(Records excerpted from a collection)
--*--
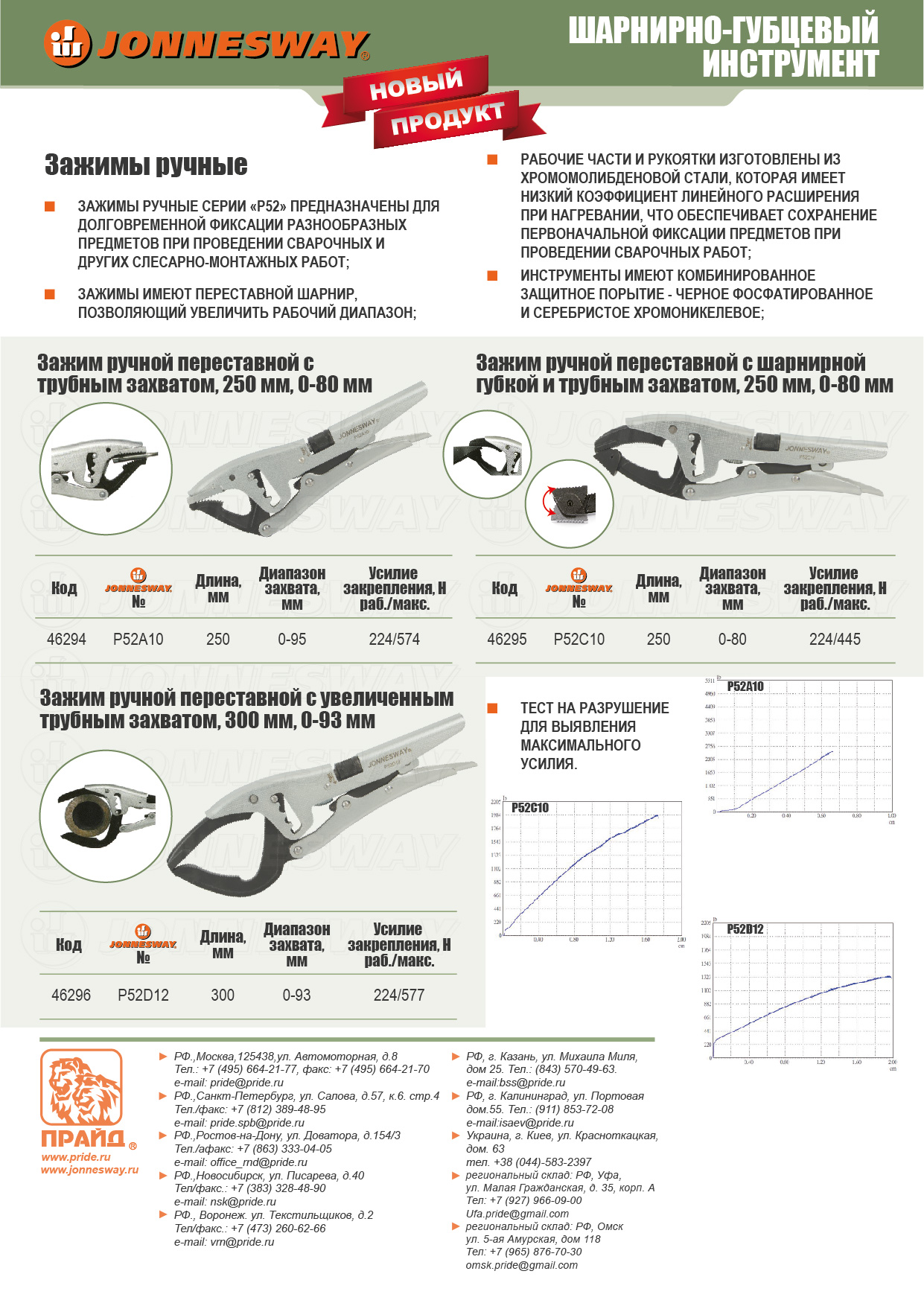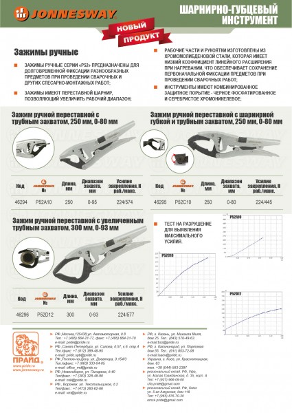 Теги: P52C10 Зажим ручной переставной с шарнирной губкой и трубным захватом, 250 мм, 0-80 мм
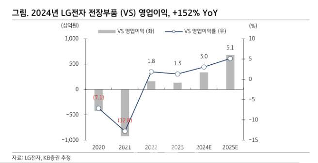 김 연구원은 “2024~2025년 LG전자 전장부품(VS) 실적은 고객 다변화에 따른 수주 증가 효과에 힘입어 매출은 10조원과 13조원을 기록할 것이며 영업이익은 각각 3356억원, 6788억원을 달성할 것”이라면서 “사상 최대 실적이 기대된다”고 말했다.
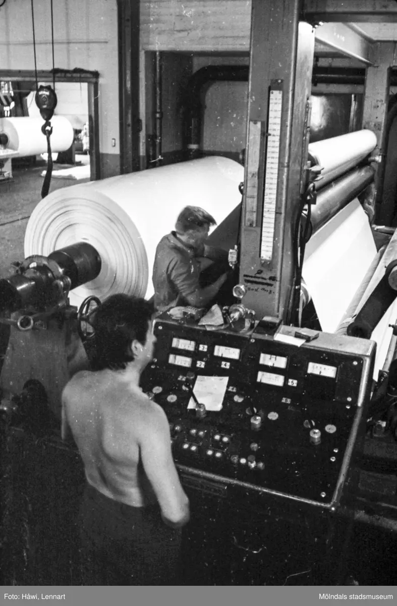 Män i arbete vid rullmaskin 5. Pappret rullas upp och skärs till rätt rullbredd. På bilden syns maskinens styrpulpet/manöverpulpet. Byggnad 10. Pappersbruket Papyrus i Mölndal, hösten 1970.
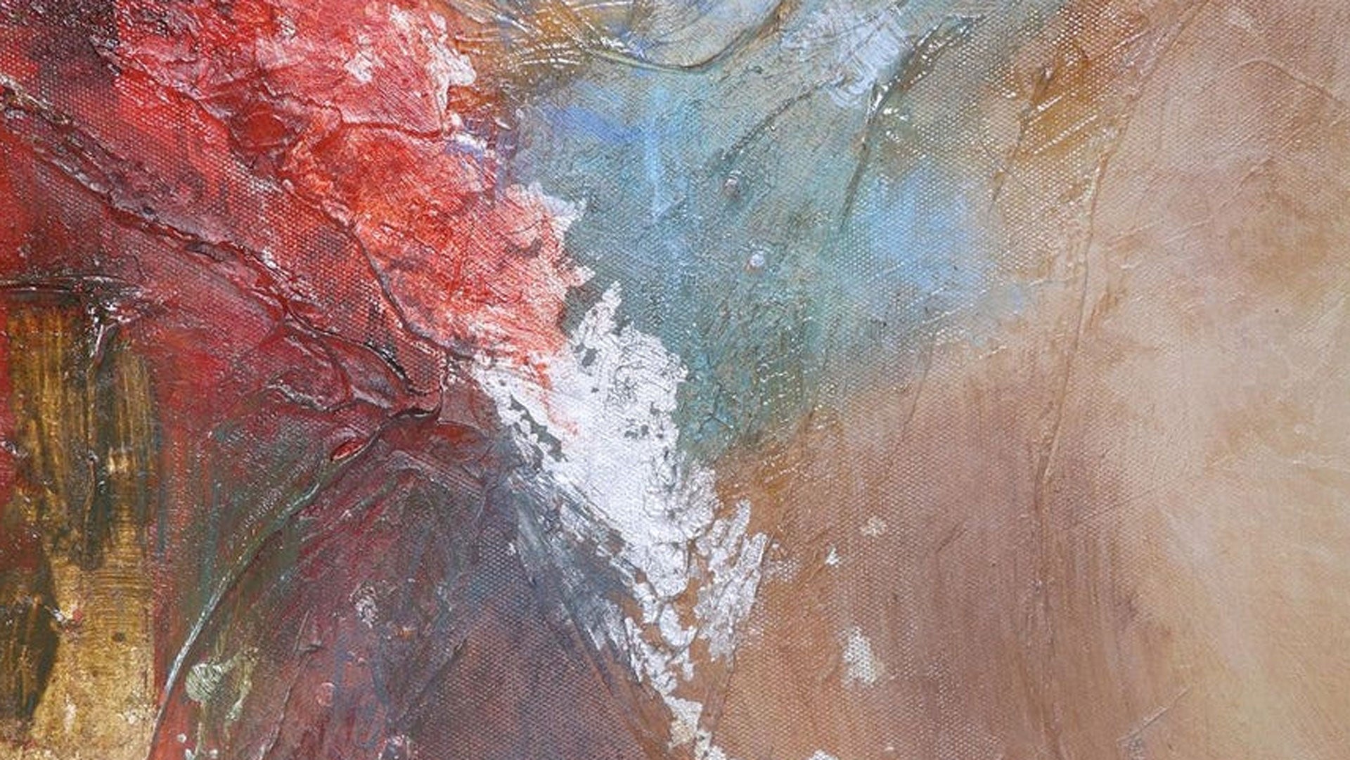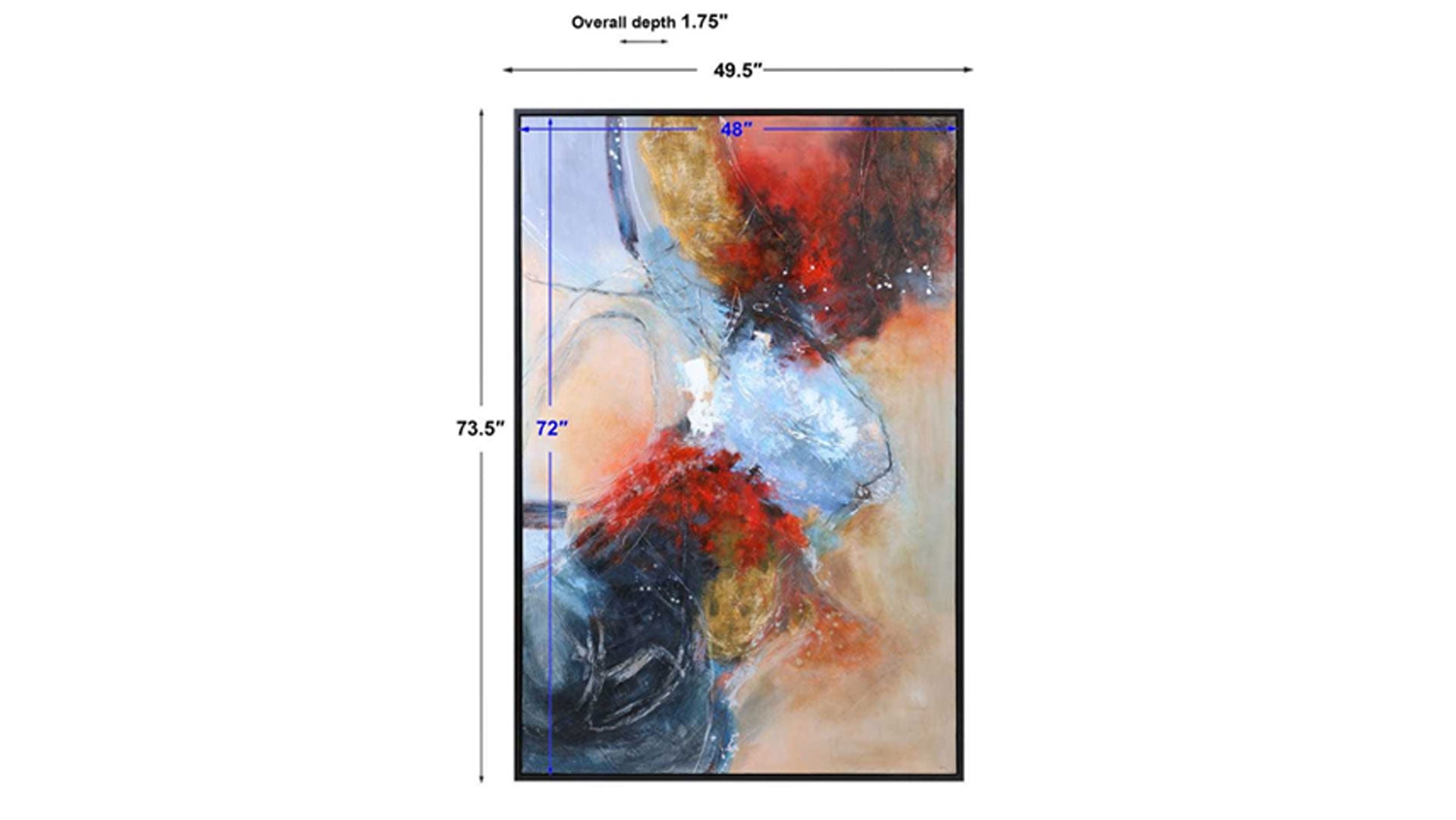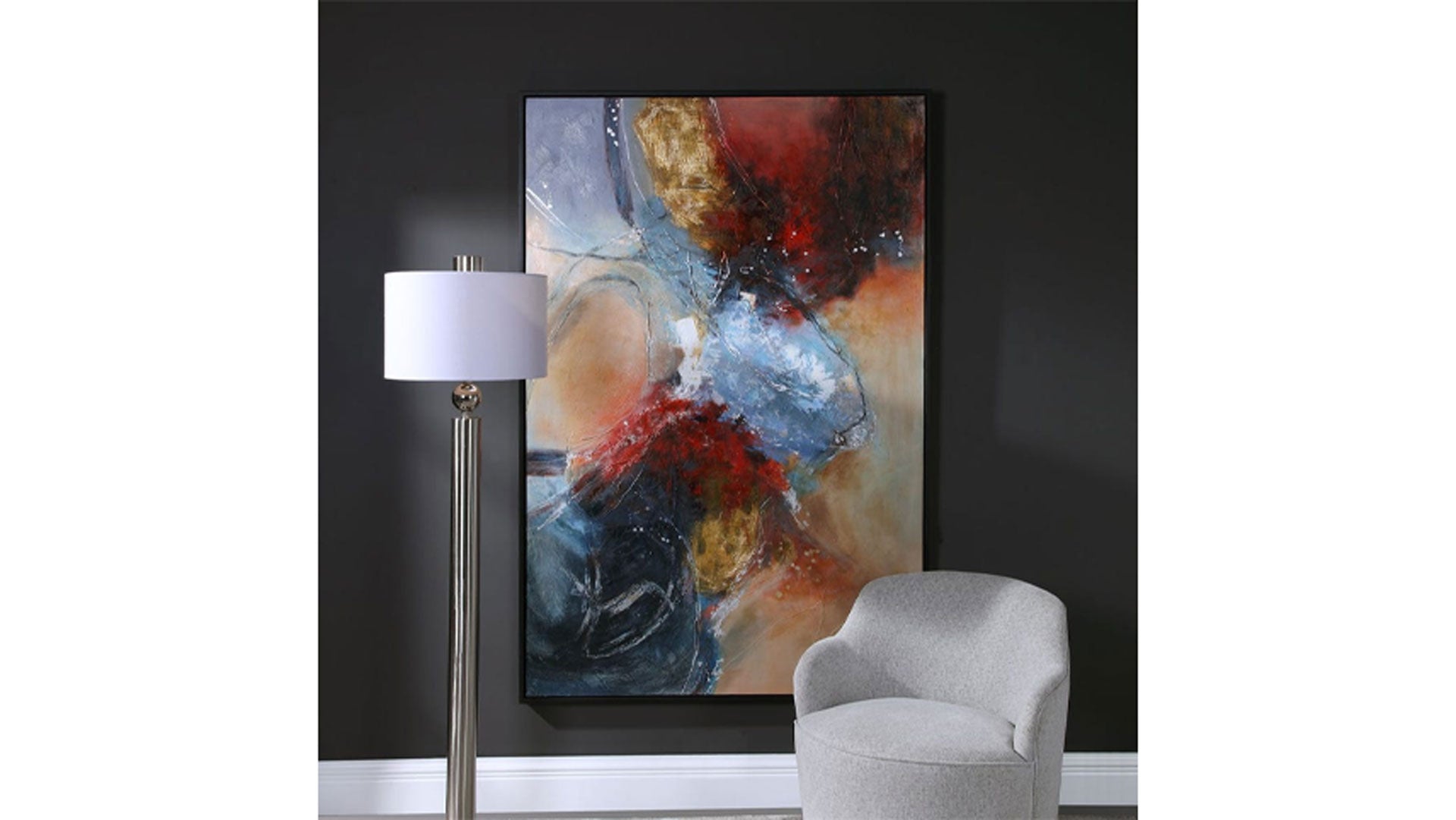 Pintada a mano sobre lienzo, esta obra de arte abstracta presenta ricos tonos rojos y azules profundos con reflejos plateados y dorados, y un marco negro mate. Debido a la naturaleza artesanal de esta obra, cada pieza puede presentar ligeras diferencias. Esta pieza se puede colgar en horizontal o en vertical.
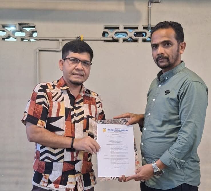 BANDA ACEH,KABARDAILY.COM – Ketua Umum Pengurus Provinsi (Pengprov) Federasi Olahraga Karate-Do Indonesia (Forki) Aceh, Sulaiman SE menyerahkan SK Pengurus Forki Aceh Selatan periode 2024-2028, Senin 16 Desember di Banda Aceh.
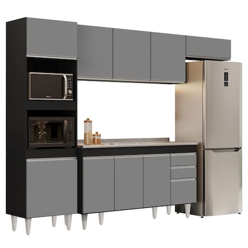 O Armário de Cozinha Modulada 4 Peças CP12 com Pia Inox Preto/Cinza, da Lumil é prático, funcional e vai dar um toque de modernidade na sua Cozinha, confira!
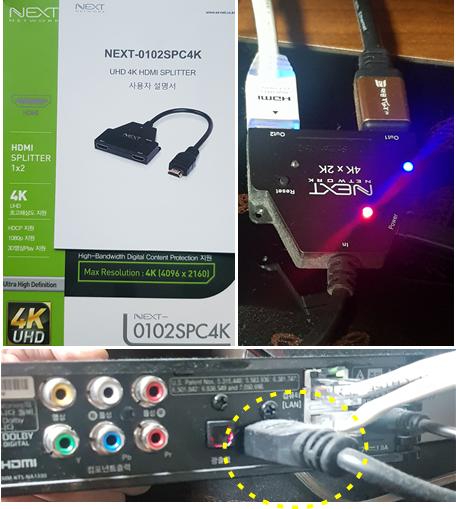 문제는 셋탑박스(KT 쿡)에서 지원하는 HDMI 출력 단자가 1개밖에 없어서 TV와 빔프로젝터 두 개를 연결하기엔 부족하여 분배기가 필요합니다.
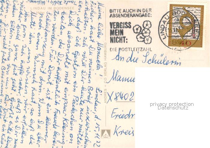 73746164 alte Postkarte Lindau Bodensee Hafenpartie Faehre postalisch gelaufen Erhaltung siehe scans [WerneD78] KatCode: 11110009776116
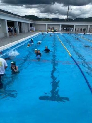 体育科「水泳学習」が始まりました。今日は少し肌寒く,水に入ると冷たさを感じましたが,子どもたちは自分の目標に向かって,懸命に泳いでいました。
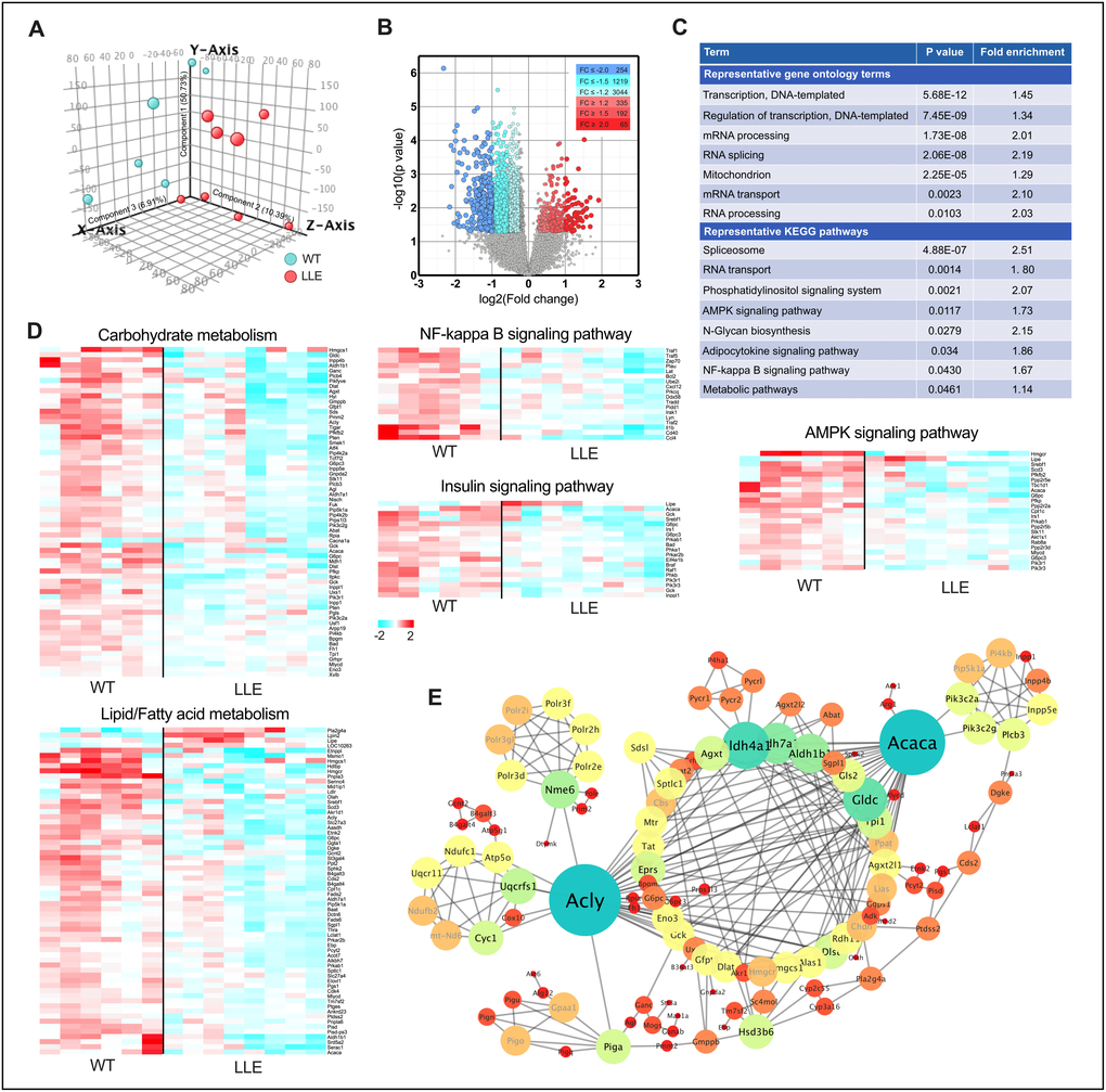 Genome-wide microarray was performed to find the changes in gene expression in the liver of the LLE mice. Principal component analysis (PCA) showed a clear shift in the global gene expression profile caused by low-dose ethanol intake when compared with the WT mice (Figure 3A). Comparison between the LLE and the WT mice identified 3766 gene species that were differentially expressed in the liver (344 genes up-regulated and 3422 genes down-regulated. Fold change≥1.2, P<0.05; Figure 3B). Further ontological and pathway analyses revealed markedly distinct patterns between groups. Narrower sets of genes in categories ‘Transcription, DNA-templated’, ‘Regulation of transcription, DNA-templated’, ‘mRNA processing’, and ‘Spliceosome’ suggest that long-term low-dose ethanol may be directly involved in gene expression regulation (Figure 3C). Considering that alcohol is widely viewed as a carcinogen, of specific interest, we analyzed the connection between the differential genes and liver cancer. Unexpectedly, the upregulated genes of LLE mice showed no correlations with gene set of liver cancer (Supplementary Figure 2A), whereas the downregulated gene set of LLE mice are highly overlapped with the gene set overexpressed in live cancer (Supplementary Figure 2B), implying that moderate ethanol intake may have anti-cancer effects. Nevertheless, further experiments are needed to determine the relationship between low-dose alcohol intake and liver cancer.
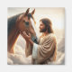 Una escena pacífica que muestra a Jesús en un entorno sereno abrazando un caballo, simbolizando un vínculo con la naturaleza y la espiritualidad.
--*--
Give every line above again exactly, omitting whatever pictures appear.

» RESPONSE:
 Теги: P52C10 Зажим ручной переставной с шарнирной губкой и трубным захватом, 250 мм, 0-80 мм
 김 연구원은 “2024~2025년 LG전자 전장부품(VS) 실적은 고객 다변화에 따른 수주 증가 효과에 힘입어 매출은 10조원과 13조원을 기록할 것이며 영업이익은 각각 3356억원, 6788억원을 달성할 것”이라면서 “사상 최대 실적이 기대된다”고 말했다.
 Män i arbete vid rullmaskin 5. Pappret rullas upp och skärs till rätt rullbredd. På bilden syns maskinens styrpulpet/manöverpulpet. Byggnad 10. Pappersbruket Papyrus i Mölndal, hösten 1970.
 Pintada a mano sobre lienzo, esta obra de arte abstracta presenta ricos tonos rojos y azules profundos con reflejos plateados y dorados, y un marco negro mate. Debido a la naturaleza artesanal de esta obra, cada pieza puede presentar ligeras diferencias. Esta pieza se puede colgar en horizontal o en vertical.
 BANDA ACEH,KABARDAILY.COM – Ketua Umum Pengurus Provinsi (Pengprov) Federasi Olahraga Karate-Do Indonesia (Forki) Aceh, Sulaiman SE menyerahkan SK Pengurus Forki Aceh Selatan periode 2024-2028, Senin 16 Desember di Banda Aceh.
 O Armário de Cozinha Modulada 4 Peças CP12 com Pia Inox Preto/Cinza, da Lumil é prático, funcional e vai dar um toque de modernidade na sua Cozinha, confira!
 문제는 셋탑박스(KT 쿡)에서 지원하는 HDMI 출력 단자가 1개밖에 없어서 TV와 빔프로젝터 두 개를 연결하기엔 부족하여 분배기가 필요합니다.
 73746164 alte Postkarte Lindau Bodensee Hafenpartie Faehre postalisch gelaufen Erhaltung siehe scans [WerneD78] KatCode: 11110009776116
 体育科「水泳学習」が始まりました。今日は少し肌寒く,水に入ると冷たさを感じましたが,子どもたちは自分の目標に向かって,懸命に泳いでいました。
 Genome-wide microarray was performed to find the changes in gene expression in the liver of the LLE mice. Principal component analysis (PCA) showed a clear shift in the global gene expression profile caused by low-dose ethanol intake when compared with the WT mice (Figure 3A). Comparison between the LLE and the WT mice identified 3766 gene species that were differentially expressed in the liver (344 genes up-regulated and 3422 genes down-regulated. Fold change≥1.2, P<0.05; Figure 3B). Further ontological and pathway analyses revealed markedly distinct patterns between groups. Narrower sets of genes in categories ‘Transcription, DNA-templated’, ‘Regulation of transcription, DNA-templated’, ‘mRNA processing’, and ‘Spliceosome’ suggest that long-term low-dose ethanol may be directly involved in gene expression regulation (Figure 3C). Considering that alcohol is widely viewed as a carcinogen, of specific interest, we analyzed the connection between the differential genes and liver cancer. Unexpectedly, the upregulated genes of LLE mice showed no correlations with gene set of liver cancer (Supplementary Figure 2A), whereas the downregulated gene set of LLE mice are highly overlapped with the gene set overexpressed in live cancer (Supplementary Figure 2B), implying that moderate ethanol intake may have anti-cancer effects. Nevertheless, further experiments are needed to determine the relationship between low-dose alcohol intake and liver cancer.
 Una escena pacífica que muestra a Jesús en un entorno sereno abrazando un caballo, simbolizando un vínculo con la naturaleza y la espiritualidad.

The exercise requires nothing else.